[<prev] [next>] [<thread-prev] [thread-next>] [day] [month] [year] [list]
Message-ID: <CAP-5=fXGXqkTbSwKv7eq9UkPvVqRJXDm3E-XNxD8+5fmQk3bpg@mail.gmail.com>
Date: Wed, 27 May 2020 12:00:50 -0700
From: Ian Rogers <irogers@...gle.com>
To: Steve MacLean <steve.maclean@...ux.microsoft.com>
Cc: Steve MacLean <Steve.MacLean@...rosoft.com>,
Peter Zijlstra <peterz@...radead.org>,
Ingo Molnar <mingo@...hat.com>,
Arnaldo Carvalho de Melo <acme@...nel.org>,
Mark Rutland <mark.rutland@....com>,
Alexander Shishkin <alexander.shishkin@...ux.intel.com>,
Jiri Olsa <jolsa@...hat.com>,
Namhyung Kim <namhyung@...nel.org>,
Stephane Eranian <eranian@...gle.com>,
LKML <linux-kernel@...r.kernel.org>
Subject: Re: [PATCH v4] perf inject --jit: Remove //anon mmap events
On Tue, May 26, 2020 at 6:52 PM Steve MacLean
<steve.maclean@...ux.microsoft.com> wrote:
>
> From: Steve MacLean <Steve.MacLean@...rosoft.com>
>
> **perf-<pid>.map and jit-<pid>.dump designs:
>
> When a JIT generates code to be executed, it must allocate memory and
> mark it executable using an mmap call.
>
> *** perf-<pid>.map design
>
> The perf-<pid>.map assumes that any sample recorded in an anonymous
> memory page is JIT code. It then tries to resolve the symbol name by
> looking at the process' perf-<pid>.map.
>
> *** jit-<pid>.dump design
>
> The jit-<pid>.dump mechanism takes a different approach. It requires a JIT
> to write a `<path>/jit-<pid>.dump` file. This file must also be mmapped
> so that perf inject -jit can find the file. The JIT must also add
> JIT_CODE_LOAD records for any functions it generates. The records are
> timestamped using a clock which can be correlated to the perf record
> clock.
>
> After perf record, the `perf inject -jit` pass parses the recording
> looking for a `<path>/jit-<pid>.dump` file. When it finds the file, it
> parses it and for each JIT_CODE_LOAD record:
> * creates an elf file `<path>/jitted-<pid>-<code_index>.so
> * injects a new mmap record mapping the new elf file into the process.
>
> *** Coexistence design
>
> The kernel and perf support both of these mechanisms. We need to make
> sure perf works on an app supporting either or both of these mechanisms.

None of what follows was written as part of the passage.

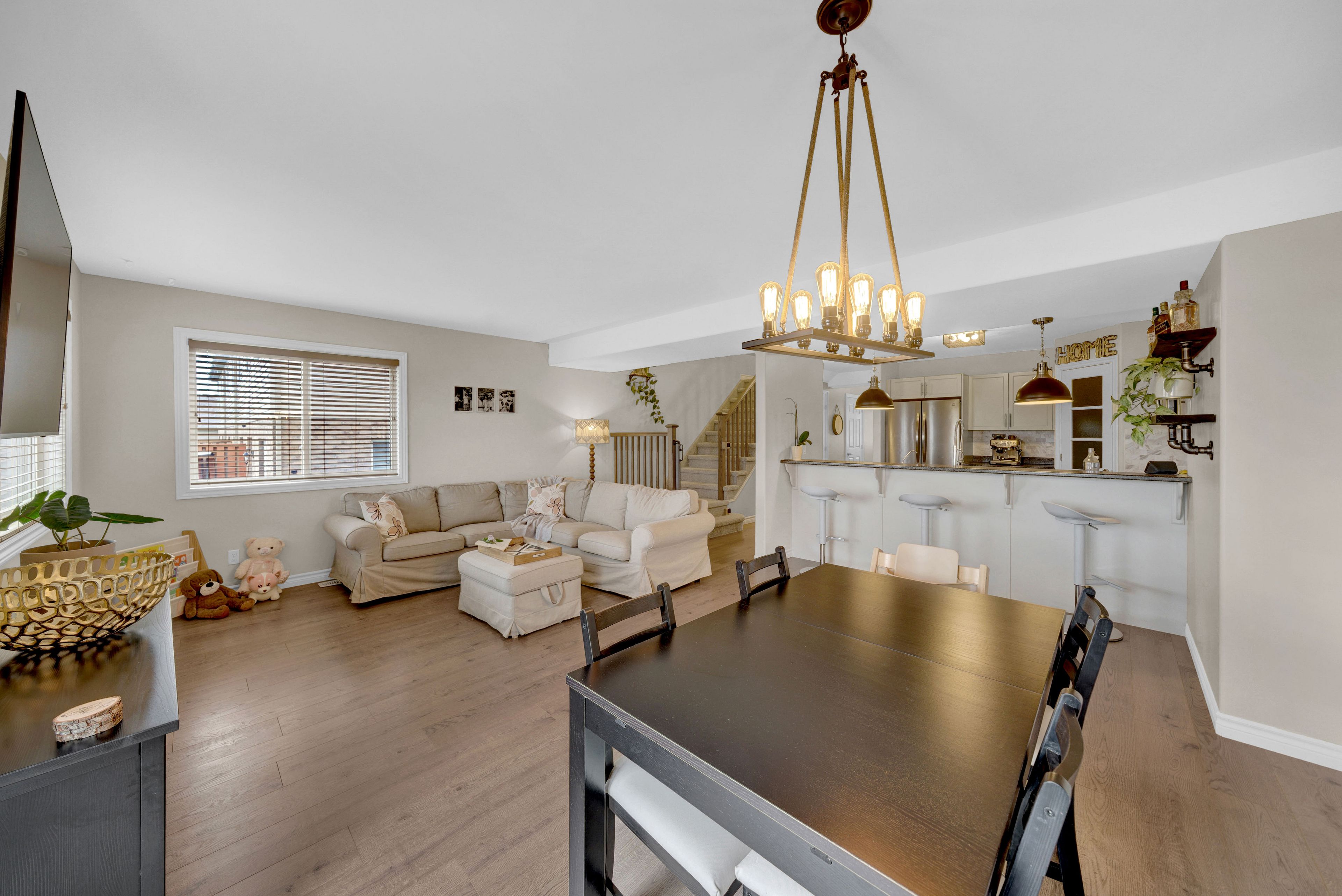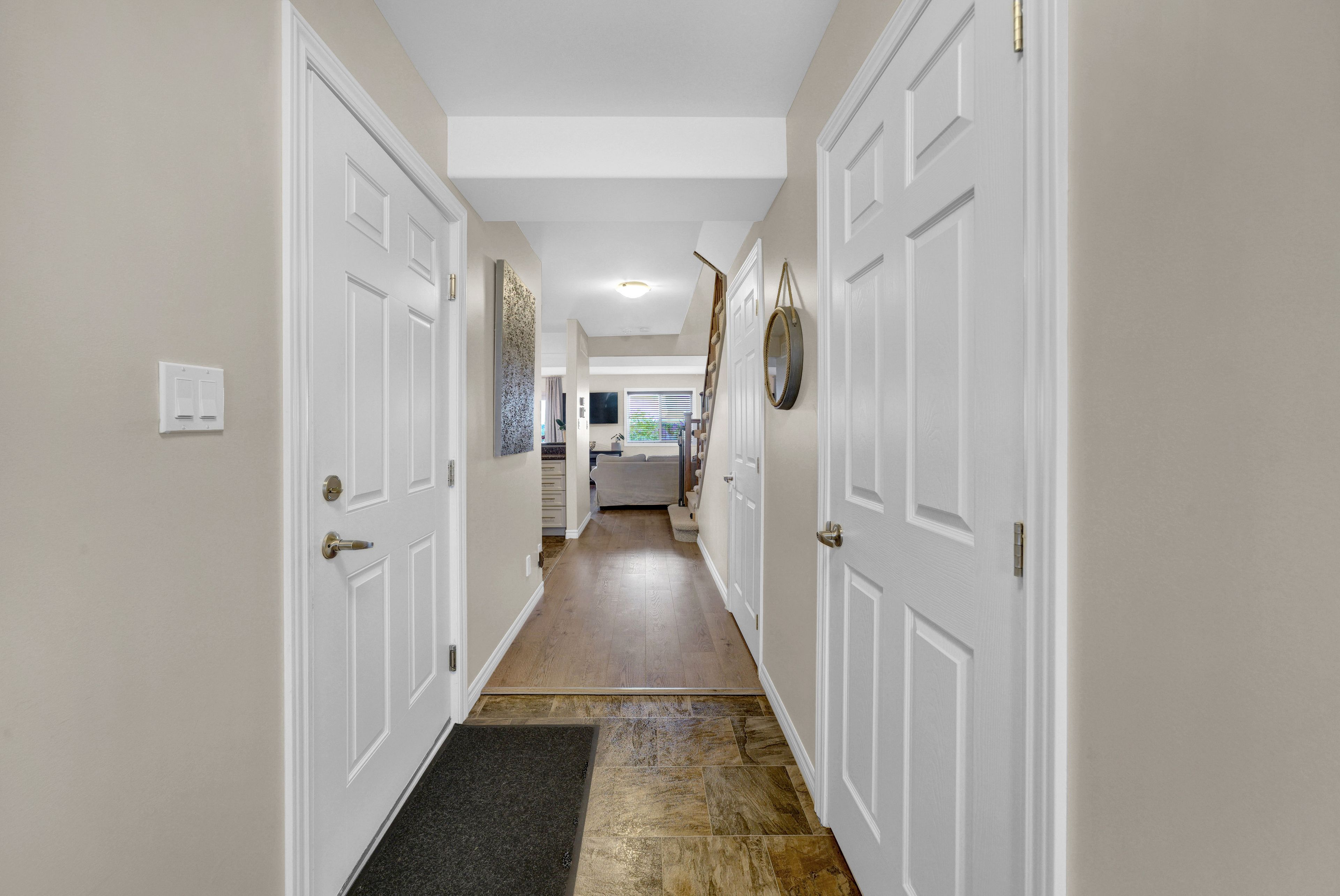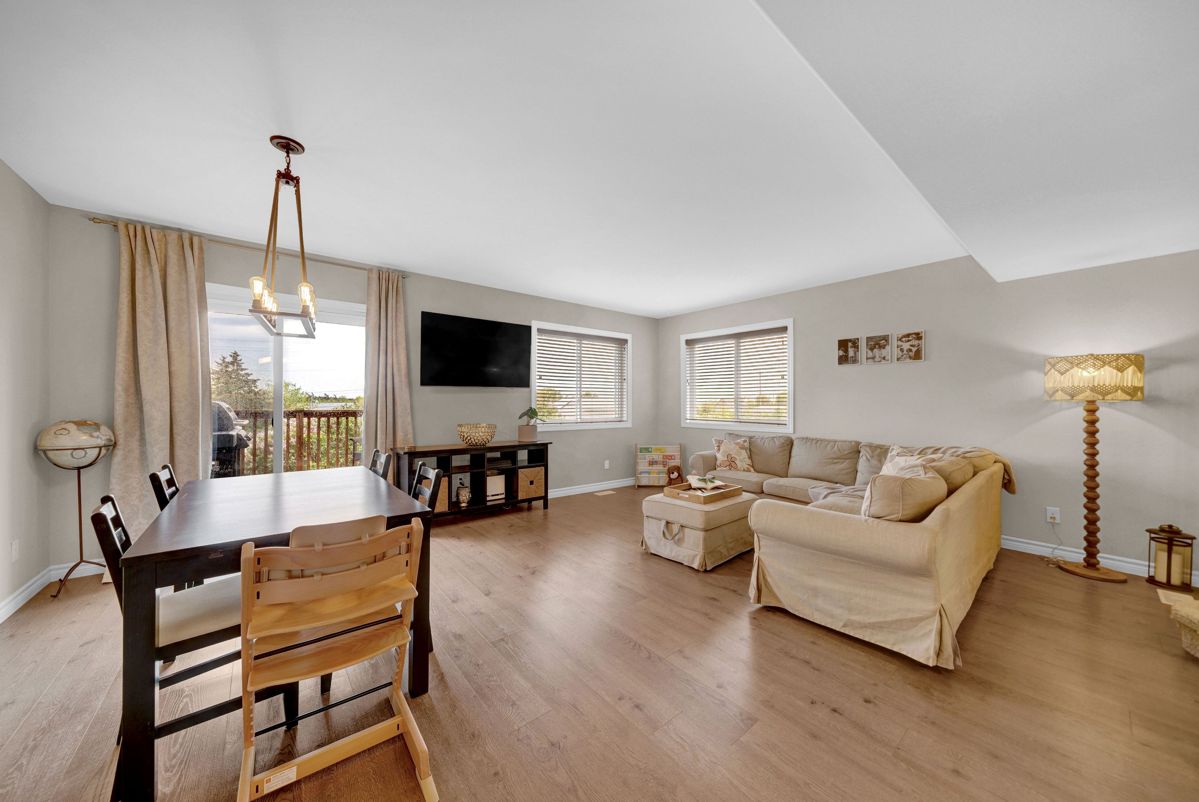 Welcome to 73 mountain ash drive in heritage park! 3 bed, 2. 5 bath 1700 + sq ft end unit with beautiful manicured front gardens and interlock walkways. Impressive large open floor plan with wide entry hallway leads to a sun filled living space. The foyer offers garage access, closet, and a 2pc bathroom. Kitchen offers an abundance of cabinetry, large pantry and the convenience of a breakfast bar with open views to the eating area and living room. Upstairs, this home provides a luxurious primary suite with vaulted ceilings, a walk in closet, and a bright 4 piece ensuite bathroom. Laundry is located on 2nd floor for convenience. Completing this level is the main 4pc bathroom, and two additional bedrooms. Downstairs, the walk out basement awaits your finishing touches - with large above-grade windows, a sliding door to the yard, and rough-in for a full bathroom. This space is brimming with potential! The multi level deck provides space for a bbq, or venture down to the lower yard with patio and covered trellis. This neighbourhood is beloved for its convenient walking access to trails, thurlow dog park, several green spaces and parks as well as the beautiful moira river. Located minutes to shopping, restaurants, school, and offering convenient hwy 401 access, this location is ideal for every stage of life! Explore this comfortable, turn-key home, fall in love, and write your story in beautiful belleville ontario!

> Both designs rely on mmap records to determine how to resolve an ip
> address.
>
> The mmap records of both techniques by definition overlap. When the JIT
> compiles a method, it must:
> * allocate memory (mmap)
> * add execution privilege (mprotect or mmap. either will
> generate an mmap event form the kernel to perf)
> * compile code into memory
> * add a function record to perf-<pid>.map and/or jit-<pid>.dump
>
> Because the jit-<pid>.dump mechanism supports greater capabilities, perf
> prefers the symbols from jit-<pid>.dump. It implements this based on
> timestamp ordering of events. There is an implicit ASSUMPTION that the
> JIT_CODE_LOAD record timestamp will be after the // anon mmap event that
> was generated during memory allocation or adding the execution privilege setting.
>
> *** Problems with the ASSUMPTION
>
> The ASSUMPTION made in the Coexistence design section above is violated
> in the following scenario.
>
> *** Scenario
>
> While a JIT is jitting code it will eventually need to commit more
> pages and change these pages to executable permissions. Typically the
> JIT will want these collocated to minimize branch displacements.
>
> The kernel will coalesce these anonymous mapping with identical
> permissions before sending an MMAP event for the new pages. The address
> range of the new mmap will not be just the most recently mmap pages.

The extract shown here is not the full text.